You can pick up a jar of Prosecco jam with strawberry and edible gold from Alcoholic Jam, or sample Hollah’s chilli, strawberry and Prosecco chutney.

Although not technically a condiment, a jar of Don Antonio’s ‘plump caperberries marinated in crisp Prosecco’ is available in Harrods for £5.

8. Confectionery

Gummies, marshmallows, humbugs, lollipos and chocolates – Prosecco has well and truly invaded the confectionery category.

From SugarSin’s rose-coloured treats to Prosecco chocolates by the bucket load, from the likes of Friars, Hotel Chocolat and The London Chocolate Company to name but a few.

The sparkler has also inspired a collaboration between I Heart Wines’ Prosecco and Meringue Girls, of instagram fame, witnessing the creation a Prosecco meringue kiss range.

9. Popcorn

Popcorn is no stranger to weird and whacky flavour combinations, therefore, it shouldn’t be a surprise that it has come into contact with the Italian fizz.
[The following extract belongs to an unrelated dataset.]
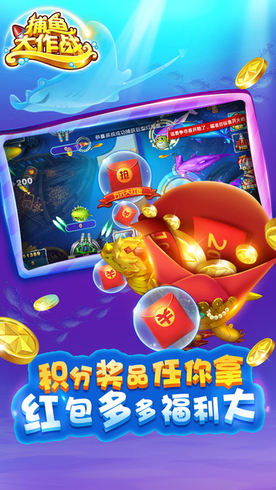 捕鱼大作战是一款多人联网实时对战的休闲类手机游戏,强调极易上手与欢乐流畅的游戏体验,通过梦幻深邃的海底场景、自然精致的鱼群刻画、华丽爽快的捕鱼画面、创意无限的玩法设计、诚意十足的各项活动,使玩家仿佛置身童年幻想中的游乐场中尽情娱乐 【游戏特色】 1.3D画面,海底探险身临其境 2.经典捕鱼,千炮金币爆不停 3.深海争霸,实力较量赢大奖 4.好友共聚,高额红包齐分享 5.百万惊喜,海量金币免费领 超嗨超刺激,快来一起领略真正的海底世界吧!

Hearth and Heritage Ltd’s Prosecco and strawberry gourmet caramel popcorn is one such example. Popcorn aficionados Joe & Seph’s have even developed a Prosecco and caramel sauce for coating corn, drizzling over desserts and using as a dip for berries.

10. Scented candles

Finally, what better way to create a relaxing ambiance that by lighting a Prosecco-scented candle. With choices aplenty, unwind with the heady scent of Heyland & Whittle’s clementine & Prosecco candle, Voluspa’s Prosecco bellini burner or Vineyard Candles’ Prosecco offering which purports to be ‘lively and fruity with a subtle hint of oak background.’